(Saved entries)

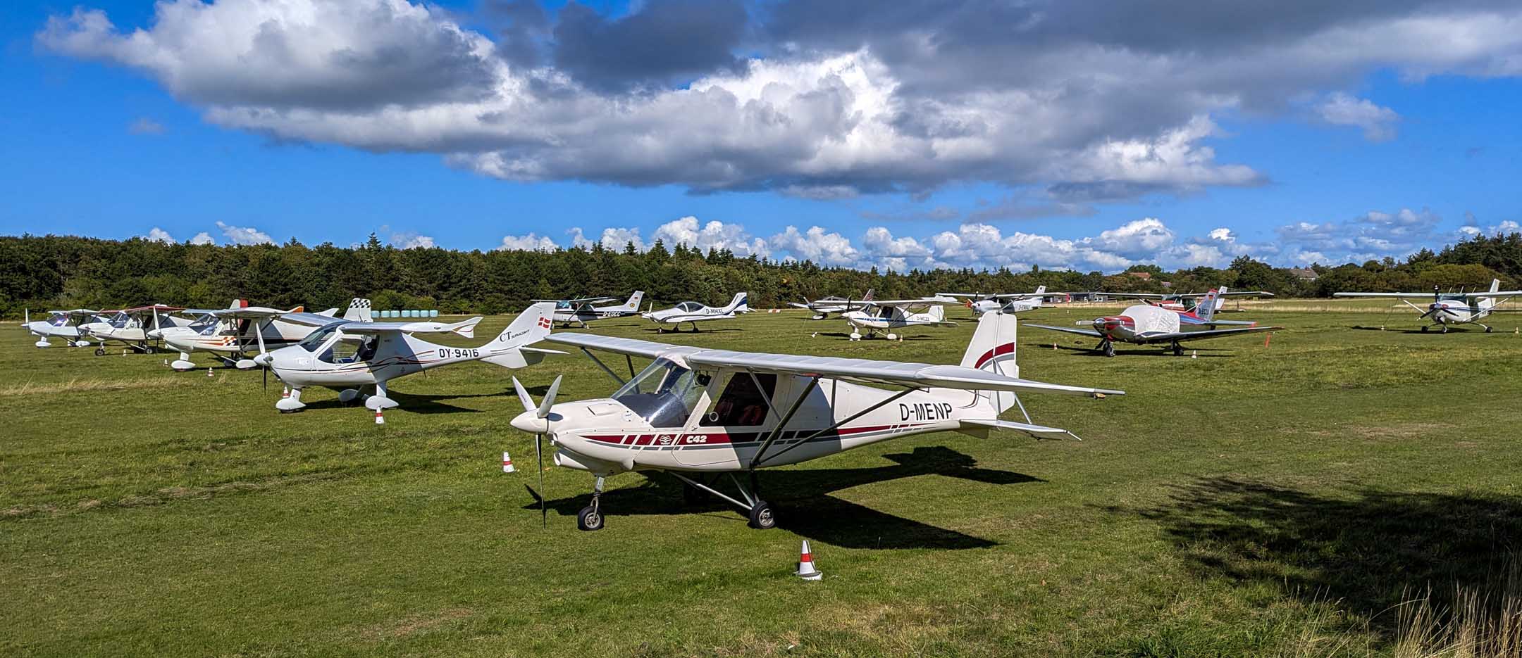 Der Hochsommer ist eindeutig zurück. Reisen wir heute wieder ab ? Nein, wir bleiben. Beim benachbarten Flugplatz, wo wir die ganze Woche über nur 2 Flugbewegungen gesehen hatten (1 x flog einer weg, 1 x Notarzt-Hubschrauber-Transport) schien heute Großflugtag zu sein. Unter anderem war auch ein Metallic-blaues Ufo angereist, welches unser Interesse weckte. Dazu 1 x USA, 12 Deutsche und vor allem 4 Flugzeuge mit Schweizer Wappen am Schwanz waren gekommen. Sofort werfüllte uns die Sorge, ob Föhr den hohen und höchsten Ansprüchen der Schweizer genügen kann. Wären sie nicht besser gleich nach Sylt geflogen ? Vielleicht doch ganz andersrum : Wir stellen uns vor, dass sie mit dem Bus zum Hafen, von dort mit der Fähre nach Amrum und dann zu Fuß weiter zur Heide-Kate wollen, wo lt. der seit Jahrzehnten unveränderten Speisekarte alle Schnitzelgerichte „mit Käse überbacken“ auf der Speisekarte stehen.
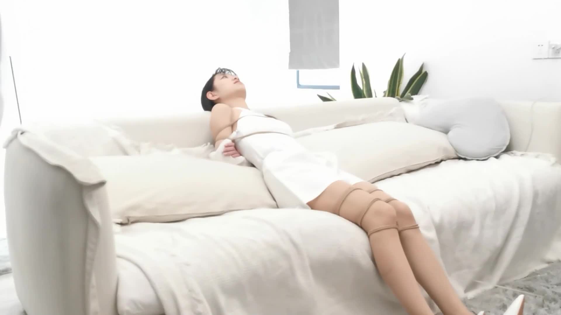 Huxian Girl, a beautiful girl showing various binding methods and struggling in tk, wearing a white dress, flesh-colored stockings, and high heels, Xiao Yue sister's outfit
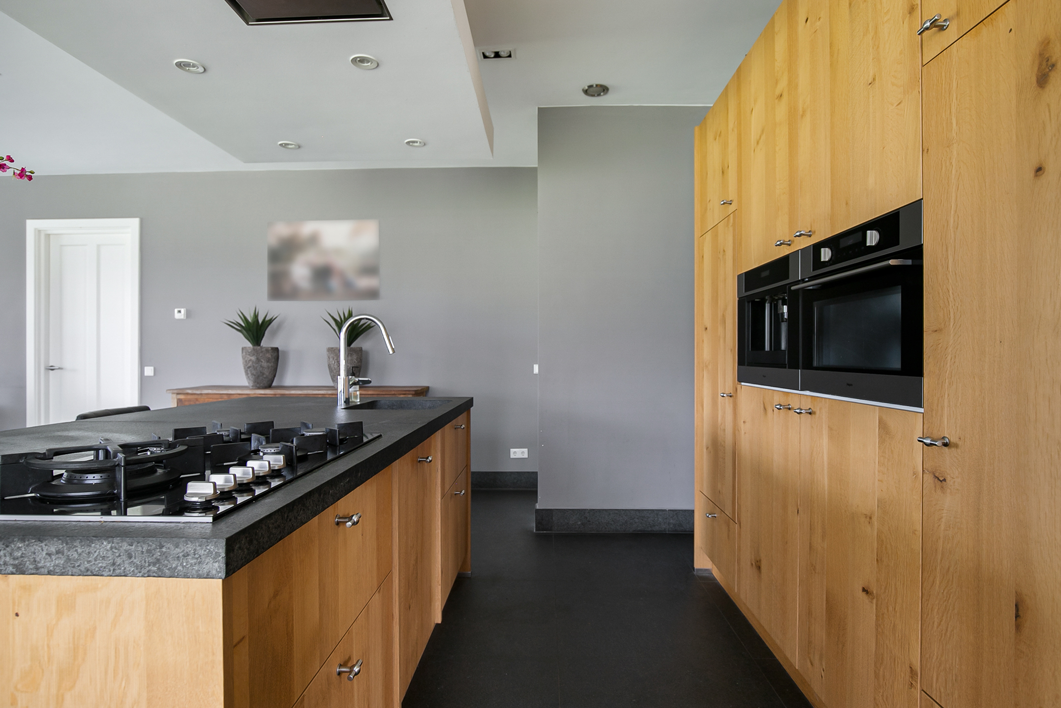 The covered entrance with a double sliding front door, gives this villa an attractive appearance. The spacious reception hall with imposing wooden staircase provides access to the living room and the 1st floor. The hall has a natural stone tiled floor, stucco walls and a stucco ceiling. The spacious living kitchen with dining area has a natural stone tiled floor, stucco walls and a stucco ceiling with recessed lighting. The kitchen features a wall-mounted unit with appliance wall and a cooking and rinsing island. The appliance wall is further equipped with an oven, coffee maker, steam oven and fridge. The island features a 5-burner gas hob with built-in extractor fan in the ceiling, a sink and a dishwasher. Various cupboards and drawers provide plenty of storage space. A large bay window/extension with French doors provide access to the garden. The many windows provide plenty of natural light. A fireplace adds atmosphere and warmth to the room. From the living room there is a nice view of the horse pastures. And here, too, large windows and double doors provide a sea of light. In addition, there is a beautiful, large fireplace with a gas fire that provides even more atmosphere and warmth in the room. Sliding doors close off the living room from the kitchen/dining area. Semi-circular French doors in the side wall of the house provide access to the front house. The spacious entrance hall provides access to the utility/laundry room, living room, toilet room and the meter cupboard. The utility/laundry room is equipped with a sink. Also located here are the connections for the washing equipment. From here, there is access to the office/workroom. The office space is a fine room which is obviously suitable for various purposes, such as a playroom or chill room.
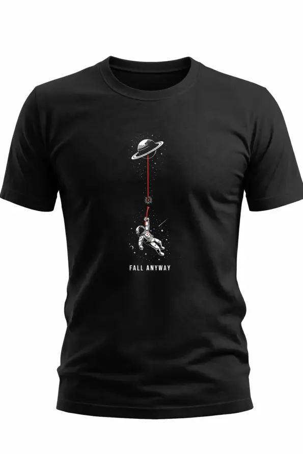 Add a cool and bold touch to your everyday style with this Fall Anyway Astronaut Printed Black T-Shirt for Men. Featuring a unique space-inspired graphic with a motivational quote, this t-shirt is perfect for casual wear, outings, travel, college, and daily styling. Easy to pair with jeans, joggers, or shorts for a trendy and effortless look.
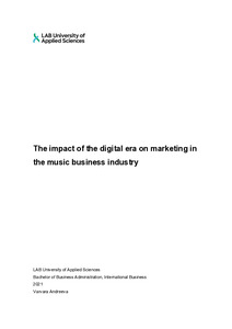 The thesis purpose was to explore the impact of digital era on marketing in music business. The music industry went to a lot of transformational processes due to digitalization. The digital era provided a lot of opportunities for the music business as well as new challenges.
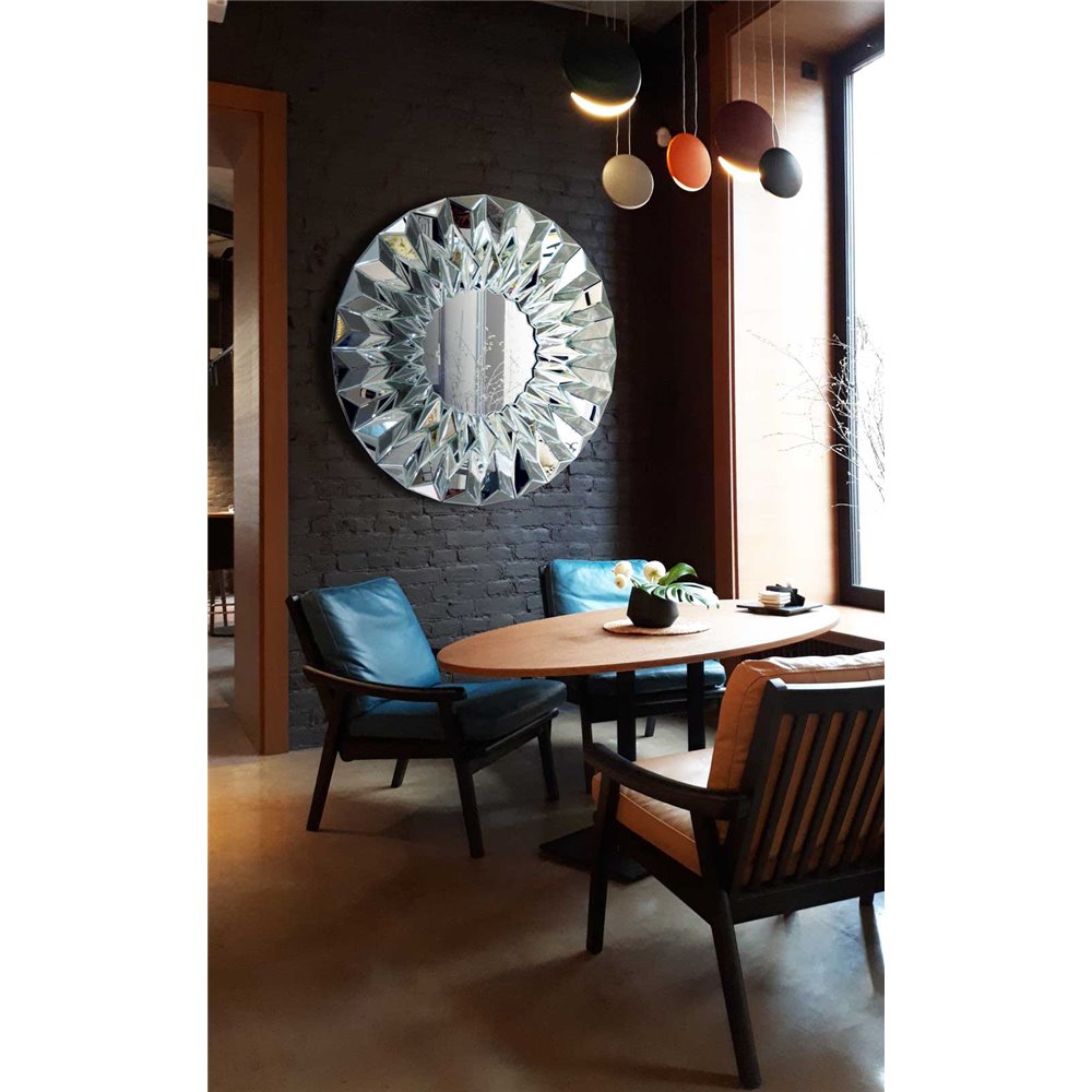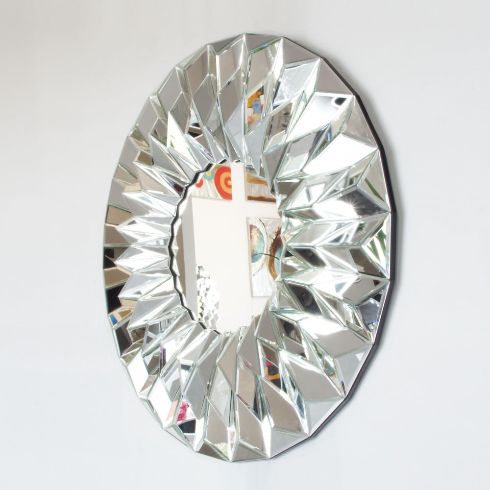 Lustro okrągłe wyjątkowe w trójwymiarowej nieregularnej lustrzanej ramie 100 cm Hecate

WHAT NEEDS TO BE DONE >> Set every entry down again word for word, but not the pictures.

OUTPUT FOR THIS TASK >>
 Der Hochsommer ist eindeutig zurück. Reisen wir heute wieder ab ? Nein, wir bleiben. Beim benachbarten Flugplatz, wo wir die ganze Woche über nur 2 Flugbewegungen gesehen hatten (1 x flog einer weg, 1 x Notarzt-Hubschrauber-Transport) schien heute Großflugtag zu sein. Unter anderem war auch ein Metallic-blaues Ufo angereist, welches unser Interesse weckte. Dazu 1 x USA, 12 Deutsche und vor allem 4 Flugzeuge mit Schweizer Wappen am Schwanz waren gekommen. Sofort werfüllte uns die Sorge, ob Föhr den hohen und höchsten Ansprüchen der Schweizer genügen kann. Wären sie nicht besser gleich nach Sylt geflogen ? Vielleicht doch ganz andersrum : Wir stellen uns vor, dass sie mit dem Bus zum Hafen, von dort mit der Fähre nach Amrum und dann zu Fuß weiter zur Heide-Kate wollen, wo lt. der seit Jahrzehnten unveränderten Speisekarte alle Schnitzelgerichte „mit Käse überbacken“ auf der Speisekarte stehen.
 Huxian Girl, a beautiful girl showing various binding methods and struggling in tk, wearing a white dress, flesh-colored stockings, and high heels, Xiao Yue sister's outfit
 The covered entrance with a double sliding front door, gives this villa an attractive appearance. The spacious reception hall with imposing wooden staircase provides access to the living room and the 1st floor. The hall has a natural stone tiled floor, stucco walls and a stucco ceiling. The spacious living kitchen with dining area has a natural stone tiled floor, stucco walls and a stucco ceiling with recessed lighting. The kitchen features a wall-mounted unit with appliance wall and a cooking and rinsing island. The appliance wall is further equipped with an oven, coffee maker, steam oven and fridge. The island features a 5-burner gas hob with built-in extractor fan in the ceiling, a sink and a dishwasher. Various cupboards and drawers provide plenty of storage space. A large bay window/extension with French doors provide access to the garden. The many windows provide plenty of natural light. A fireplace adds atmosphere and warmth to the room. From the living room there is a nice view of the horse pastures. And here, too, large windows and double doors provide a sea of light. In addition, there is a beautiful, large fireplace with a gas fire that provides even more atmosphere and warmth in the room. Sliding doors close off the living room from the kitchen/dining area. Semi-circular French doors in the side wall of the house provide access to the front house. The spacious entrance hall provides access to the utility/laundry room, living room, toilet room and the meter cupboard. The utility/laundry room is equipped with a sink. Also located here are the connections for the washing equipment. From here, there is access to the office/workroom. The office space is a fine room which is obviously suitable for various purposes, such as a playroom or chill room.
 Add a cool and bold touch to your everyday style with this Fall Anyway Astronaut Printed Black T-Shirt for Men. Featuring a unique space-inspired graphic with a motivational quote, this t-shirt is perfect for casual wear, outings, travel, college, and daily styling. Easy to pair with jeans, joggers, or shorts for a trendy and effortless look.
 The thesis purpose was to explore the impact of digital era on marketing in music business. The music industry went to a lot of transformational processes due to digitalization. The digital era provided a lot of opportunities for the music business as well as new challenges.
 Lustro okrągłe wyjątkowe w trójwymiarowej nieregularnej lustrzanej ramie 100 cm Hecate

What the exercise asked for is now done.